I saw a continuum I had never seen before – for the last 600 or 700 years, I realized white people have treated indigenous people horribly, and we never talk about it. Starting with the Spanish, and then our treatment of American Indian and continuing up until today, there is a connection I had
never seen before.
The behavior of multinational companies is the late 20th century and early 21st century continuation of this, this disregard for people in their own environment. Our desire for cheap oil has an impact. Our unbridled consumerism, people are paying a price for it. We need to be less selfish in this world.
Q: The scenes of Pablo Fajardo's house are shocking, because he has nothing.
Berlinger: But he has everything because he believes in his cause and he has the love of his people.
Q: In your press packet, you include tons of great reviews from all the A-List American newspapers and websites. But I feel like asking them: Where were you?
Berlinger: Film reviewers not supposed to be covering news stories. One of the points of making the film was that it has gotten very little coverage. I am not going to knock the institutions that gave me good reviews. But I put my life at risk because I was stunned at the lack of coverage for this story.

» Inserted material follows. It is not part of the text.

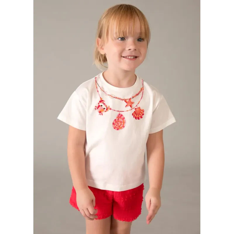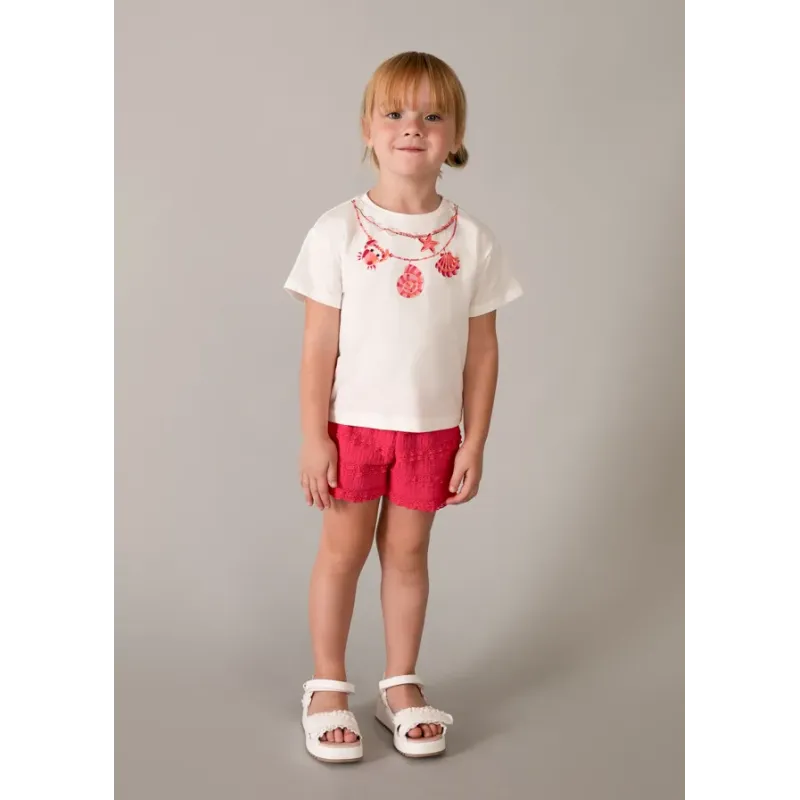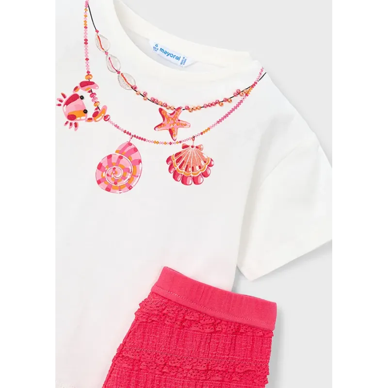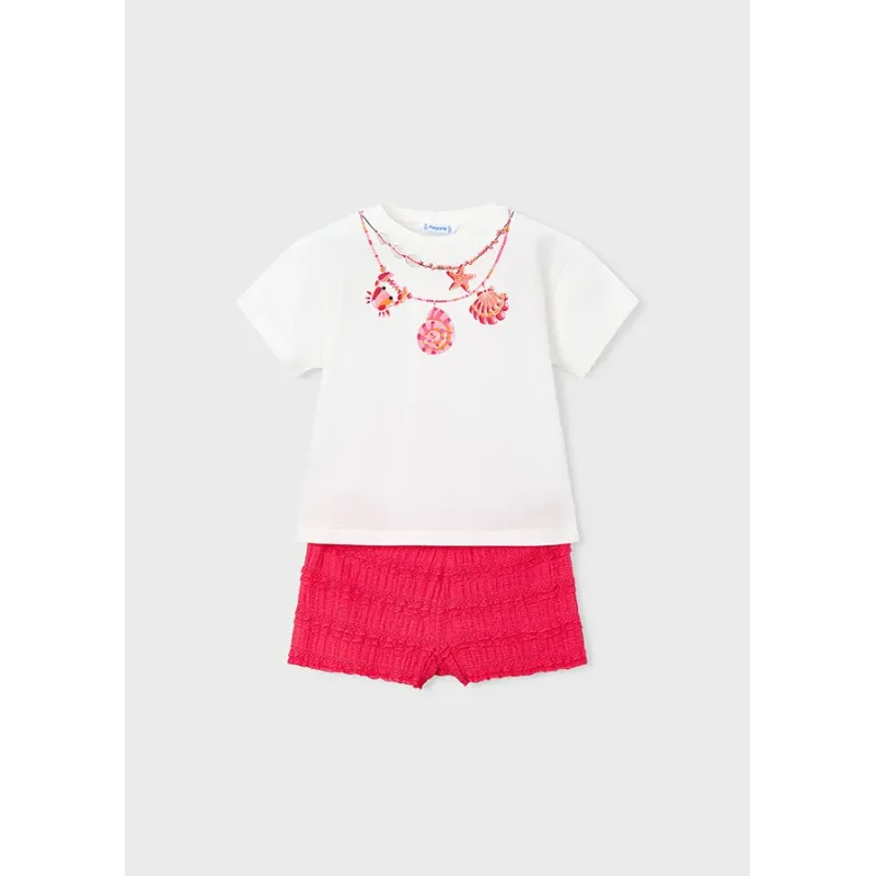 Komplet dwóch artykułów składający się z koszulki ze spodniami typu leginsy dla noworodka dziewczynki. Koszulka z krótkim rękawem wyonana ze 100% bawełny. Okrągły dekolt. Delikatna i elastyczna bawełna. Krótkie leginsy we wzory. Pasująca opaska.

One of the major themes of the film is that uncomfortable intersection between celebrity culture and social activism. I am not knocking Sting and Trudi personally. I focused on their activities in fact because the only tangible benefit the indigenous people have received is the fresh water.
But this film is observing why is it we need celebrities to get involved in the story before we pay attention to it?
I am not advocating how the lawsuit should turn out. I am advocating for the help that is needed to clean up the region and bring relief to people.
And on the one hand this an advocacy film for the people, it is a portrait of advocacy, the camera pulls back self reflectively and examines what advocates have to do to move their case forward, they have to get celebrity involvement. Why is it that things don't get covered until celebrities get involved?